* **Required action**:
No pictures go into the copy. Write out exactly the lines below from the one containing "Le Genesis Tour" through the one containing "Muy tierno y".

* **Data under study**:
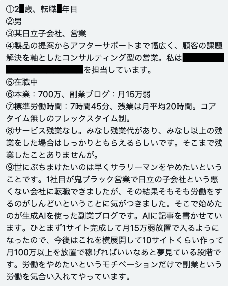 【生成AIで書いた副業ブログで月15万円を放置で稼ぐ日立くん】転職入社20代後半で年収700万円+副業アドセンスの男性から給与明細を買い取らせて頂きました。悪くない日立の子会社に転職出来て気がついた。そもそも労働したくないことに。この月15万を月100万以上にして労働から脱出するとのことです。 pic.twitter.com/bbeT77KgCw
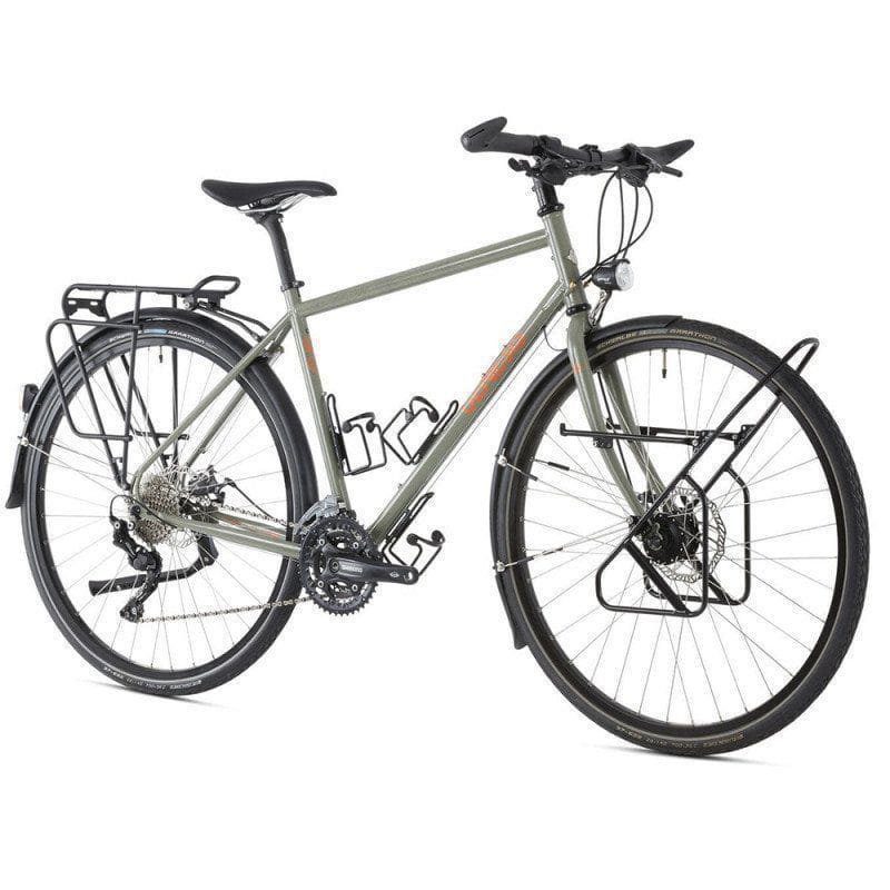 Le Genesis Tour de Fer 20 est spécialement conçu pour le cyclotourisme. Il dispose de fixations pour porte-bagages, garde-boues et porte-bidons, vous permettant de transporter facilement tout votre équipement. Ce vélo offre un excellent équilibre, même avec une charge importante, assurant ainsi un contrôle optimal.
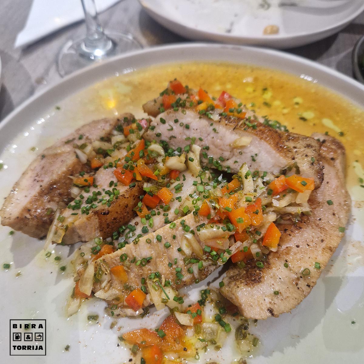 Muy tierno y con un majado que le daba un toque guay, Acompañaban patatas qu casi ni tocamos peeero… llevaban algún pimiento extra.
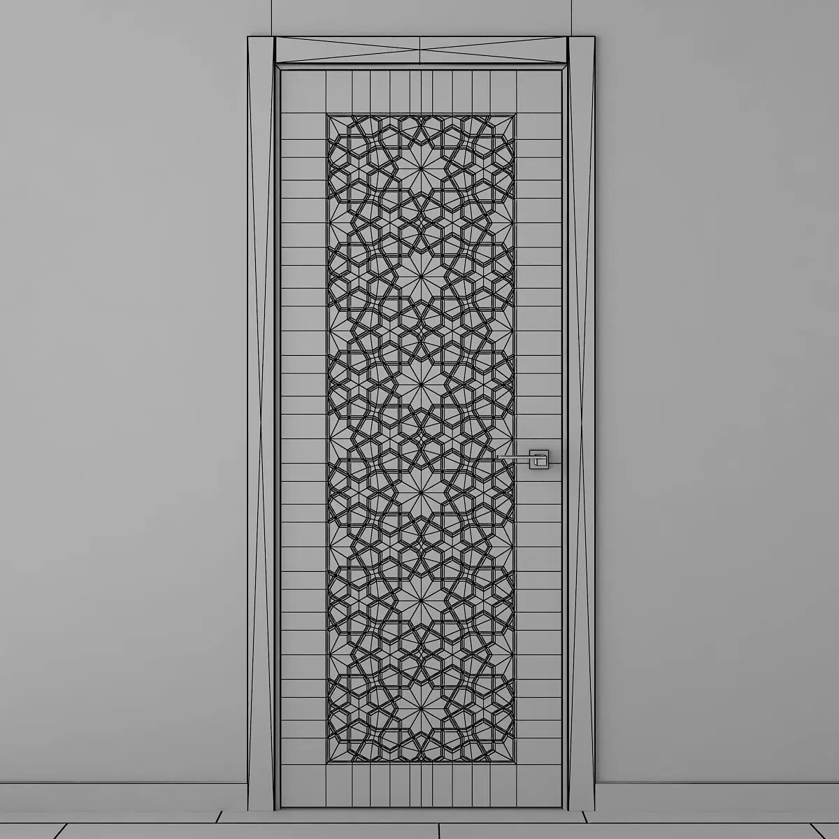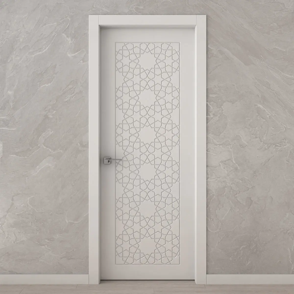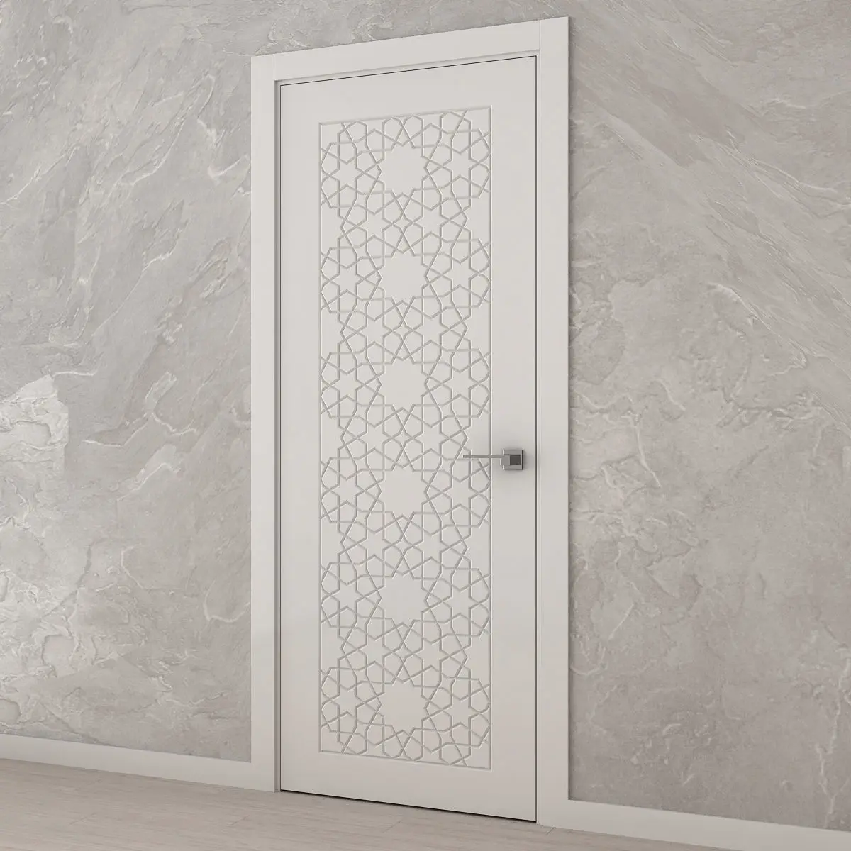 White interior door with Arabic carvings.You can use it as a decorative 3D panel.The size of the door leaf is 2100 x 800 x 35 mm.Prepared for high resolution realistic renders.Previews were rendered in 3ds Max 2018, Vray Next renderer.Lighting, cameras and studio setups are not included.
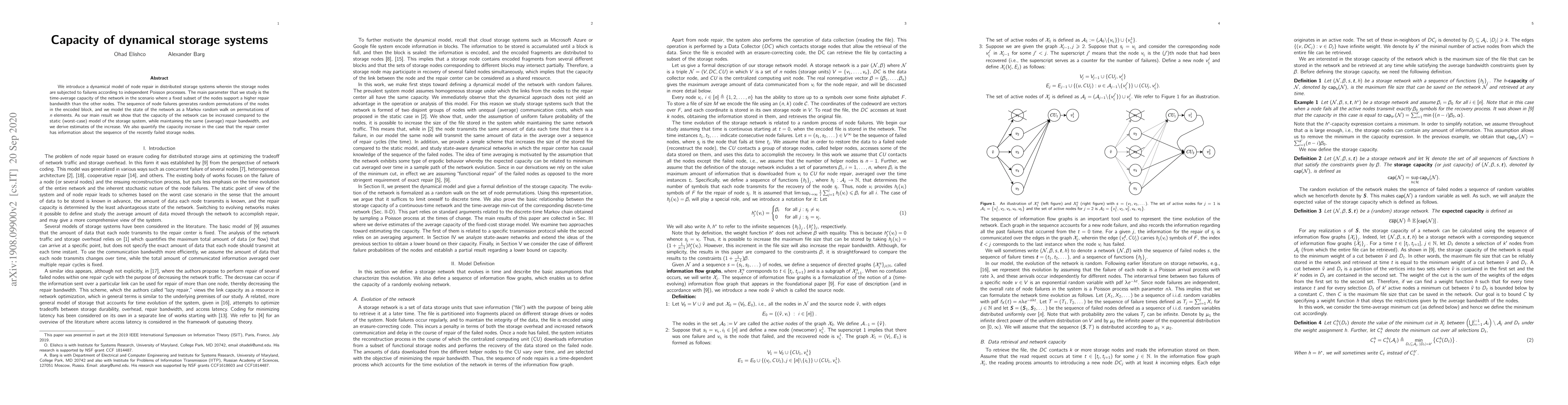 Researchers developed a model to analyze dynamic storage systems with repair nodes that can adapt to failures, finding they can increase capacity while maintaining average repair bandwidth.
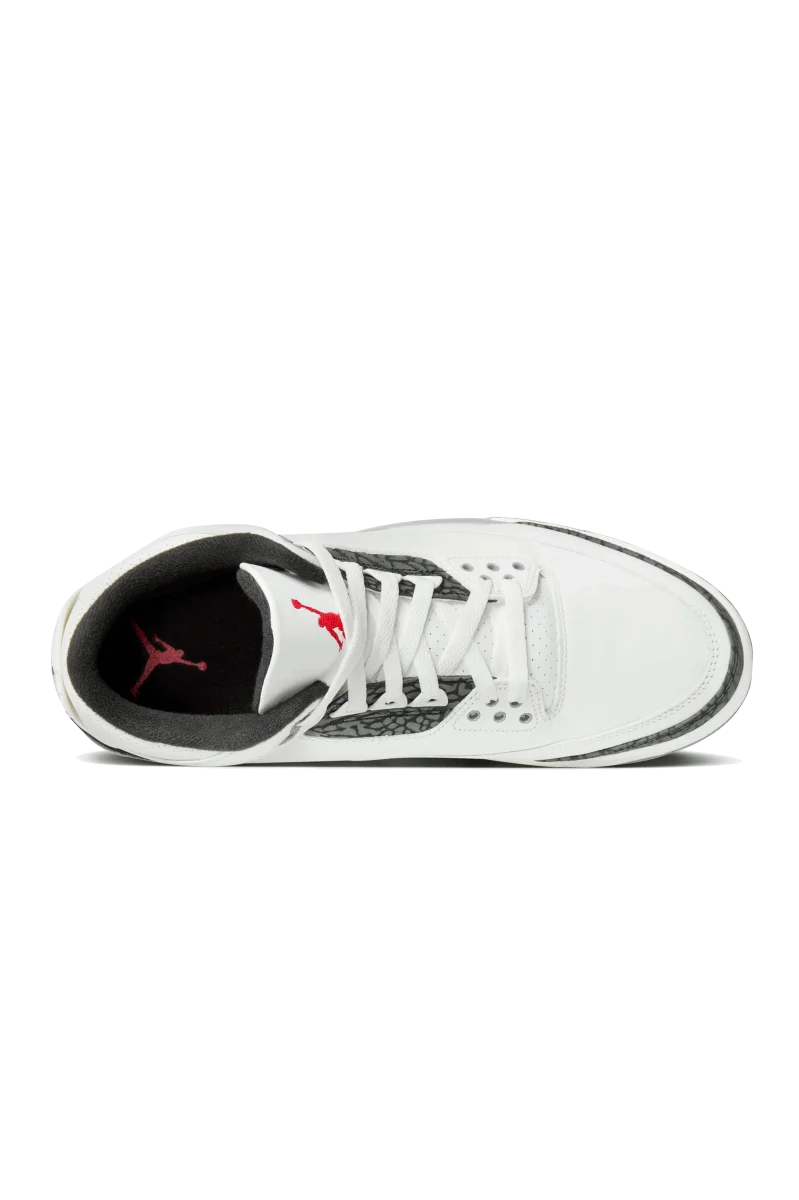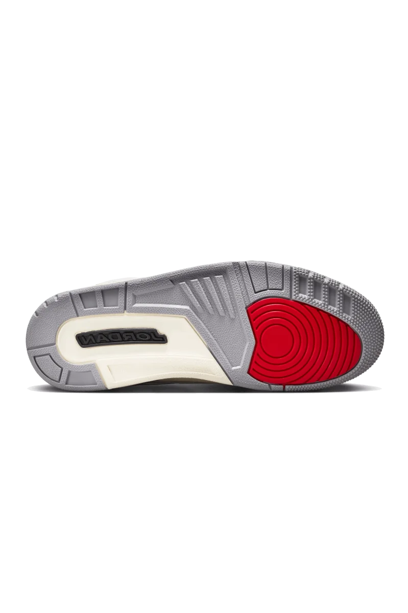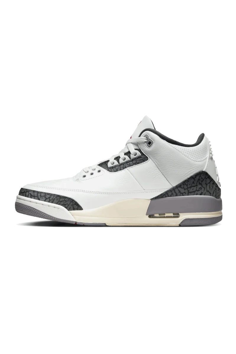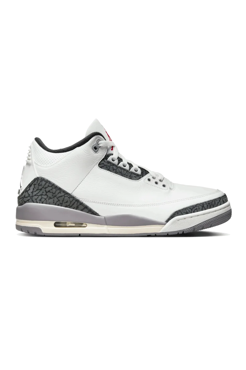 Questa Air Jordan 3, caratterizzata da una base in pelle martellata bianca, รจ caratterizzata da vivaci inserti rosso fuoco sugli iconici loghi Jumpman che decorano la linguette, mentre il nero ricopre la linguette del tallone. Il โCement Grey%E2%80%9D caratterizza gli occhielli, la fodera interna e parte della suola. Completa il design un’intersuola bianca con unitร Air visibili, il tutto appoggiato su una suola in gomma grigia. La combinazione di colori e texture crea una sneaker accattivante, che rende omaggio all’iconica silhouette Air Jordan 3.
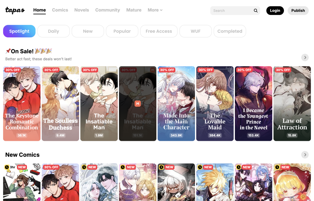 Tapas nawarin berbagai genre manhwa yang lengkap mulai dari fantasi, romance, drama, hingga komedi. Situs ini memungkinkan pengguna ngumpulin poin dengan menonton video atau mengundang teman untuk membuka episode tertentu. Tapas juga ngasih hadiah poin untuk pengguna yang aktif. Cocok untuk yang suka koleksi cerita beragam dan fitur interaktif.
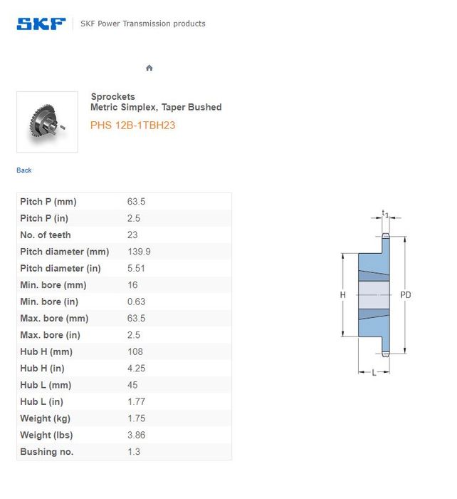 - SKF - 12B1/60/60H (3/4) SPROCKET 23 TEETH 1 ROW
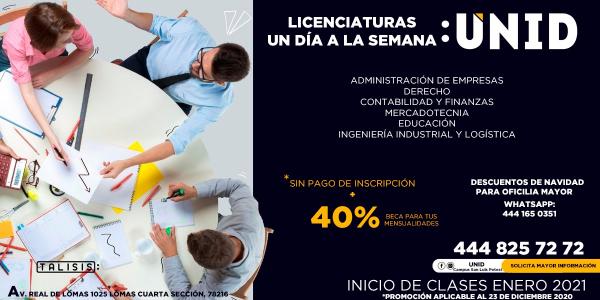 Con la finalidad de que las y los trabajadores de la administración estatal puedan concluir sus estudios de nivel superior, la Oficialía Mayor del Estado y la Universidad Interamericana para el Desarrollo (UNID), ofrecen una oferta académica de Licenciaturas un día a la semana y Licenciaturas Ejecutivas Online, además de Maestrías, sin pago de inscripción más un 40% de beca para las mensualidades, informó el Oficial Mayor del Ejecutivo Jorge Daniel Hernández Delgadillo.
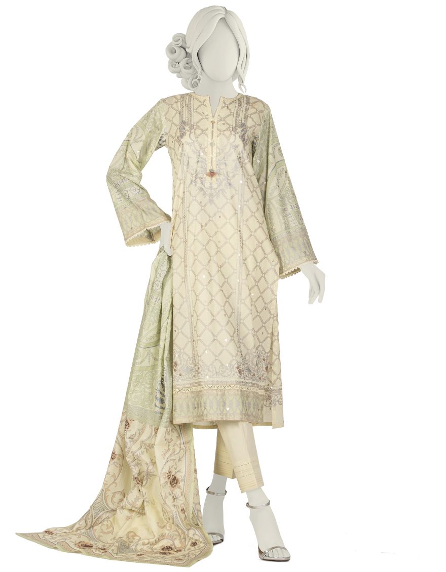 Collection Type: Embroidered Gold Printed Lawn Shirt & Lawn Dupatta With Trouser Lawn Dupatta
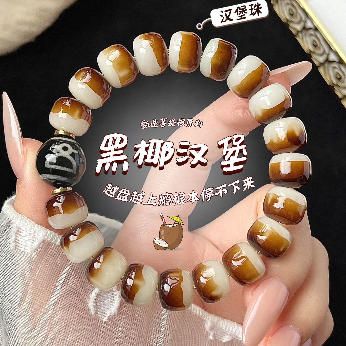 女性用ブラックココナッツバーガービーズ菩提根ブレスレット、指に巻き付ける柔らかい学生菩提ビーズ、男性用仏陀ビーズニッチブレスレット
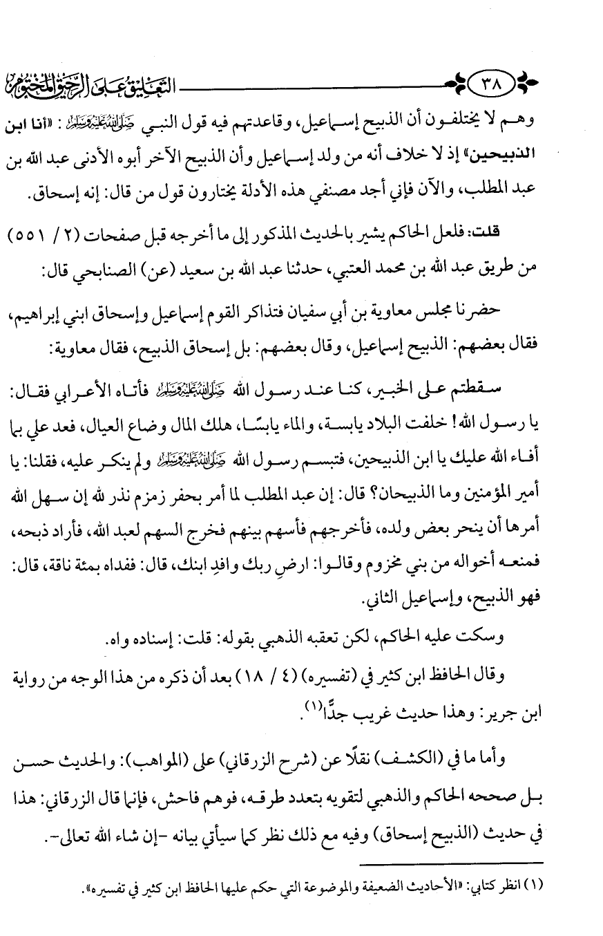 وهم لا يختلفون أن الذبيح إسماعيل، وقاعدتهم فيه قول النبي - صَلَّى اللَّهُ عَلَيْهِ وَسَلَّمَ -: (أنا ابن الذبيحين) إذ لا خلاف أنه من ولد إسماعيل وأن الذبيح الآخر أبوه الأدنى عبد الله بن عبد المطلب، والآن فإني أجد مصنفي هذه الأدلة يختارون قول من قال: إنه إسحاق.

* **Output for this exercise**:
 Le Genesis Tour de Fer 20 est spécialement conçu pour le cyclotourisme. Il dispose de fixations pour porte-bagages, garde-boues et porte-bidons, vous permettant de transporter facilement tout votre équipement. Ce vélo offre un excellent équilibre, même avec une charge importante, assurant ainsi un contrôle optimal.
 Muy tierno y con un majado que le daba un toque guay, Acompañaban patatas qu casi ni tocamos peeero… llevaban algún pimiento extra.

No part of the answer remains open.